Karşıyaka Belediye Başkanı Cevat Durak,CHP eski Genel Başkanı Deniz Baykal’ı ağırladığı KSK 100. Yıl Meydanı açılışında önemli mesajlar verdi. Üçüncü dönem adaylık için ‘vize’ alamayan Durak sürece yönelik sessizliğini açılışta bozdu. Bugüne kadar rekor yatırım gerçekleştirdiklerini ancak yaptıklarının, sıklıkla eleştirildiğini, görmezden gelinmek istendiğini öne süren Durak, “Eleştirildik ama kimse, ‘en fazla yatırım yapan belediye’ iddiamızı yok sayamadı.’Önce İnsan’ diyerek, yaşamdan alacaklı her bir yüz için çalıştık.31 Mart’ta görevimi bir başka arkadaşıma devredeceğim.Bunu da, alnım ak, başım dik yapacağım.Sayın Başkanım(Baykal), beni 2 kez tercih ederek, gösterdiğiniz güvenle, Karşıyaka’da, üst üste 2 dönem Belediye Başkanlığı görevini yapmış biri olarak; bugün bunu gururla söyleyebiliyorum.10 yıl içinde, tek bir akçeli işte adım geçmedi. İktidarın müfettiş baskılarıyla, yılın 365 günü denetlenmemize rağmen, yasal hiçbir merci tarafından, tek bir akçeli işle dahi suçlanmadık, soruşturulmadık. Bu koltuklarda, onurumuzla ve gururumuzla, sadece ve sadece “hizmet aşkıyla” görev yaptık. Ben, bir Cumhuriyet Halk Partiliyim… 37 yıldır, bu siyasi kültürle yoğruldum. 10 yılda, ne yakamda rozetini taşıdığım partime, ne bana güvenen siz parti yöneticilerime, ne de Karşıyakalılara ihanet etmedim. Gerçek bir Cumhuriyet Halk Partili olarak, partimin kurumsal kimliğine, parti hiyerarşisine, kültürüne, disiplinine ters düşecek, hiçbir davranışta bulunmadım. 37 yıldır Cumhuriyet Halk Partisi rozetini, yakamda gururla ve de büyük bir onurla taşıdım.

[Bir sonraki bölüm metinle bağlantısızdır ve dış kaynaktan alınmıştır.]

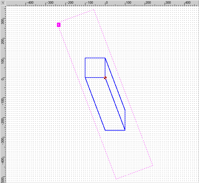 This is the right side of the cube. One of the horizontal sides has already been drawn. Draw another square using Draw > Polygon > Parallelogram, placing the first two points on the previously-drawn vertical line and dragging the square's outline right by 100 mm (10 grid points) (Figure 5).

Çünkü, Cumhuriyet Halk Partisi, bu topraklar üzerinde yazılmış, büyük destanın kahramanlarının, bizlere bıraktığı mirastır” dedi.
ARKAMIZDA GÜVENDİĞİMİZ SİZ VARDINIZ
“1992 yılında, yeniden açıldığında da, yakamda, bu partinin rozeti vardı” diyen Durak şöyle devam etti; “1994’de, 1995’de, kimse dönüp bakmazken de, ben bu partideydim. Sizin verdiğiniz görevleri layıkıyla yerine getirdim. Bir avuç insanla, tırnaklarımızla kazıyarak, Karşıyaka’da, İzmir’de, tüm Türkiye’de bu partiyi var ettik. Çünkü arkamızda, güvendiğimiz liderimiz, yani siz vardınız.Cumhuriyetimizin geleceğinden endişe duyulan zamanlarda, yüz binlerce Karşıyakalıyı altı oklu bayrak altında topladık. Arkamızdaki manevi güç yine sizdiniz.Ülkemizin içinden geçmekte olduğu, bu karanlık günlerde de, gerçek bir Cumhuriyet Halk Partili olma sorumluluğunu taşımak zorundayız”
HAKSIZLIKLARA RAĞMEN!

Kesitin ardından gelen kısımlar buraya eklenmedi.